WILDLIFE – Good spot to watch the fall salmon run up the Highland Creek.
This 44 hectare valley wilderness park offers more than 2 km of pedestrian/bicycle trails as well as plenty of undisturbed woodland excellent for nature walks. Park facilities include a winterized fully-accessible washroom, drinking fountains, a water tap, picnic area and fire pits. Alexander Milne first settled in the northern end of the valley now known as Wilket Creek following the War of 1812. From this period until the 1950s it was known as Milne Creek. Wilket Creek Park is known for its mature coniferous and deciduous forest communities. Mature stands of Eastern Hemlock, Sugar Maple, American Beech, Red Oak and Hop Hornbeams thrive along the valley walls. A diversity of species may be found within the valley, including such rare plants as Canada Sicklepod (Senna obtusifolia), Snakerod, and New York Fern. Some uncommon bird species have also visited during seasonal migrations.

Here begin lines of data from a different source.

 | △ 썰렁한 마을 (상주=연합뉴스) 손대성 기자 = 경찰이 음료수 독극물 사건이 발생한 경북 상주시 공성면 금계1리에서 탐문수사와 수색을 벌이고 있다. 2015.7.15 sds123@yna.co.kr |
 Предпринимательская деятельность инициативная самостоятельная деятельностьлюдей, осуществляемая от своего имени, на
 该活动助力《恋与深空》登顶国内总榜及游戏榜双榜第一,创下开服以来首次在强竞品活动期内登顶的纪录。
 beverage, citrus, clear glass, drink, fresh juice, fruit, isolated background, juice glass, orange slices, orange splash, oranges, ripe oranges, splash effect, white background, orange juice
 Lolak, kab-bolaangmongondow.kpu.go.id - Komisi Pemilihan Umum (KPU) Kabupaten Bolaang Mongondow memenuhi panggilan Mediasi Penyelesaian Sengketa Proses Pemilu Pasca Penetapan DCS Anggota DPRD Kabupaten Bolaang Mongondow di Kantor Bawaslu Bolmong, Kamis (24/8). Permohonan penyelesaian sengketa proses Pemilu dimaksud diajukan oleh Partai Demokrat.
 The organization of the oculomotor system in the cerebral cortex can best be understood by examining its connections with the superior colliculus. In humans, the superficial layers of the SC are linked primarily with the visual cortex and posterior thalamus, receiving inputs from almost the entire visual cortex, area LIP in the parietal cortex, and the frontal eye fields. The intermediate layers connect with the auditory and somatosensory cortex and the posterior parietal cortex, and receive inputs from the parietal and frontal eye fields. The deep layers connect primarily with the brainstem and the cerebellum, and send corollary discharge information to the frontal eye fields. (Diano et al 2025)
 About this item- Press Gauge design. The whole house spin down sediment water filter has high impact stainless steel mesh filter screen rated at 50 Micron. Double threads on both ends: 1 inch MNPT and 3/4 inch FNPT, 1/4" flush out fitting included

This park is reminiscent of summer camp — seemingly far removed from all things urban and industrial. It houses multiple bike and hiking trails as well as sports facilities, but it’s when you get to the park’s centre that you realize it feels like the city has been left behind. If it hadn’t been for activist’s like Jane Jacobs, this green space would be the Spadina Expressway.
A quiet 3.4 hectare park near Castle Frank Road and Bloor Street East featuring an entrance with ornamental gates, a mature tree canopy and a dog off-leash area. The park is adjacent to Milkman’s Lane with access to a ravine trail and the Don Valley Brick Works.